We go downstairs later for breakfast, and a Church group is serving warm waffles, French toast, steaming hot chocolate, fresh cookies and cold, creamy milk. All the families are enjoying the food, and the kids have eaten the minimum they can get away with before scampering off to show off their new toys. They laugh and shriek and chase each other around the house.
Every family here has a story. Some of them are heartbreaking, others uplifting. We have a story, too.

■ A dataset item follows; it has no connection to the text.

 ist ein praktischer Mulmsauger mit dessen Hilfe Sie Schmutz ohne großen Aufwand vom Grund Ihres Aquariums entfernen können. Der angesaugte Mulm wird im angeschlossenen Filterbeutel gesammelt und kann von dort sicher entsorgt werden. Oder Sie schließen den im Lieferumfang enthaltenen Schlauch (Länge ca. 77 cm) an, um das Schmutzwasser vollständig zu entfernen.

I know that after breakfast many of these families will take the shuttle to the hospital, because not everyone is as lucky as I am to leave the hospital for Christmas. But everything that happens to us happens for a reason. We were able to meet families from all over the world, and create friendships that will last a lifetime. Together, we shared tears of sorrow and tears of joy.
If there is one thing I can learn from these families, it's that there is always hope.

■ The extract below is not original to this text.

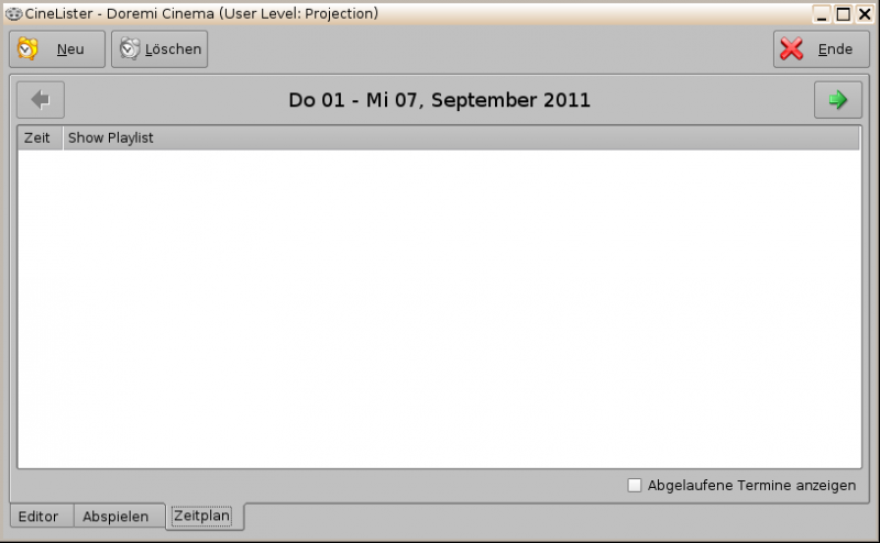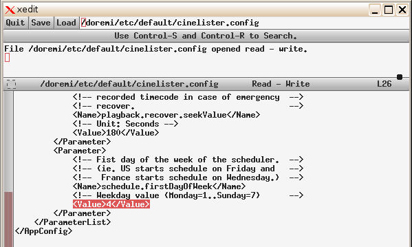 Naja, leider nicht ganz so einfach für normale "Benutzer" :D Ich versuch es mal zu erklären.... 1. Terminal starten und mit dem Befehl "su" zum Root Benutzer wechseln. (Root Passwort muss natürlich bekannt sein) 2. Folgende Befehl ausführen. Damit wird die Beispiel Konfigurationsdatei für den Cinelister aktiv. rwdo cp /doremi/etc/default/cinelister.config.sample /doremi/etc/default/cinelister.config 3. Mit dem folgenden Befehl die Konfigurationsdatei zum bearbeiten öffnen. rwdo xedit /doremi/etc/default/cinelister.config In der Konfigurationsdatei den Wochenanfang von 1 (Montag) auf 4 (Donnerstag) setzen und die Datei mit Save (eventuell 2x klicken) speichern. Reboot nicht nötig, der Cinelister muss nur geschlossen und neu geöffnet werden. :!: Übrigens, wenn Ihr schon in der Datei unterwegs seid dann kann man auch hier gleich die Sprung Zeiten für das vor und zurück spulen einstellen. Default ist 180 Sekunden. Das wären dann die bekannten 3 Minuten. Viel Spaß, und macht nix kaputt ! :rolleyes: Wenn alles richtig gemacht wurde sollte es so aussehen : Viel Spaß und macht nix kaputt ! :rolleyes: Replaced = ausgetauscht Wo steht das und wer sagt das ? Bei Problemen mit dem RAID melder der Doremi eigentlich ein "degraded".

Every child in the hospital and their families faces each new day with grim determination and a never-ending supply of hope, faith and strength.
My battle of pain and medical complications is far from over, but I know my battle is far less difficult than some of theirs. Yet they have the strength to go on, to take everything life throws at them and still rejoicing in the little things. For some families, their child lost the fight. And this happens all too often. But through their loss, these families are able to help others face what may lie ahead.
The Christmas of 2011 was different. I may not have had a tree, or candy canes, or my inflatable Gumby, but I wouldn't have traded my Ronald McDonald House Christmas for the world. For me, it was the best Christmas ever.